MATERIALS PROVIDED:

===============

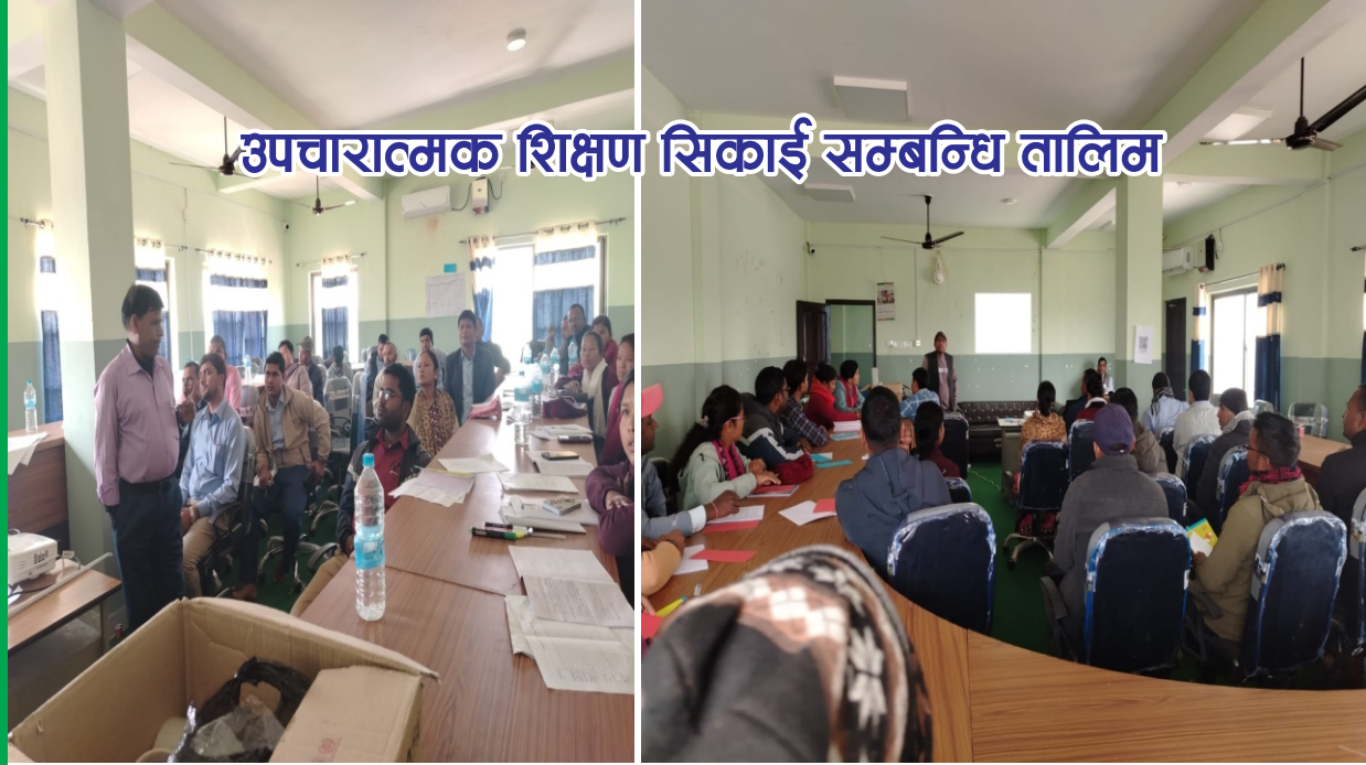
उपचारात्मक शिक्षण सिकाई सम्बन्धि तालिम
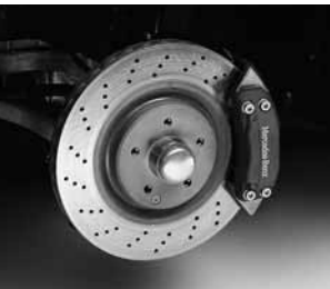
Bremsscheiben gelocht ▲
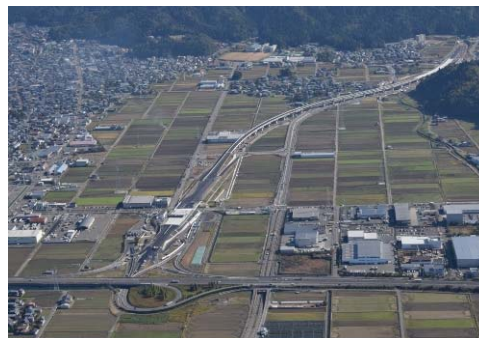
福井県と関東地方を結ぶ最短ルートを成す中部縦貫自動車
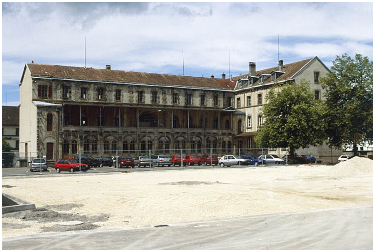
Façade est de l'ancien couvent de dominicaines.
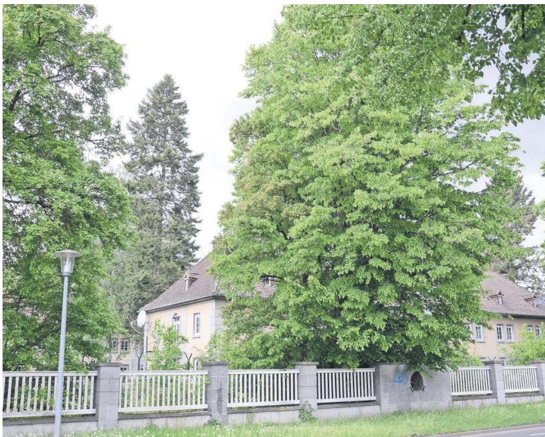
Die Liegenschaft Hohe Wende in Celle ist in der Überprüfung für die Nutzung durch die Bundeswehr.
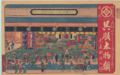
「[ 呉服商あはや引札 ]」【枚 44】
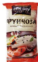
Вермишель СЕН СОЙ , Фунчоза, 200 г
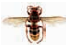
Frelon d'Europe, vespa crabro
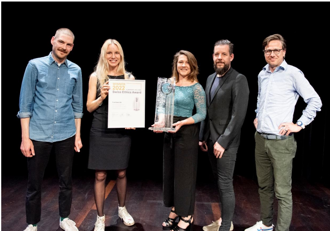
Tide Ocean SA – Winner Swiss Ethics Award 2022

Verantwortung für eine nachhaltige Zukunft übernehmen
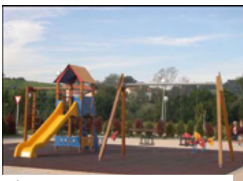
14. Área de juegos infantiles de la vía verde de Atxuri.

Encontraremos juegos infantiles en la parte alta del Parque Uriguen, junto a Landetxo Goikoa, en la parte baja del mismo, junto al aparcamiento, y junto a la vía verde, antes de pasar junto al
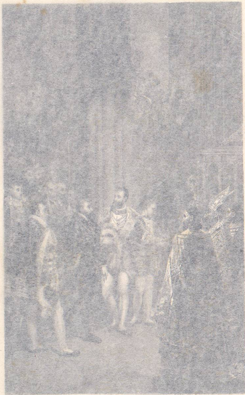
FRANCISCO I.º Y CARLOS QUINTO VISITANDO LOS SEPULCROS DE S. GONISIO
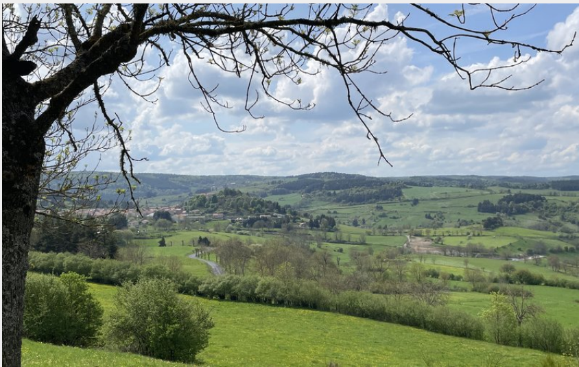
Vue sur Chambon le Château
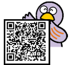
埼玉県のマスコット「コバトン」

===============

Write out, exactly, the lines of the material from the very first through the line containing "14. Área de", and leave out every picture.

ANSWER BOX:
उपचारात्मक शिक्षण सिकाई सम्बन्धि तालिम
Bremsscheiben gelocht ▲
福井県と関東地方を結ぶ最短ルートを成す中部縦貫自動車
Façade est de l'ancien couvent de dominicaines.
Die Liegenschaft Hohe Wende in Celle ist in der Überprüfung für die Nutzung durch die Bundeswehr.
「[ 呉服商あはや引札 ]」【枚 44】
Вермишель СЕН СОЙ , Фунчоза, 200 г
Frelon d'Europe, vespa crabro
Tide Ocean SA – Winner Swiss Ethics Award 2022

Verantwortung für eine nachhaltige Zukunft übernehmen
14. Área de juegos infantiles de la vía verde de Atxuri.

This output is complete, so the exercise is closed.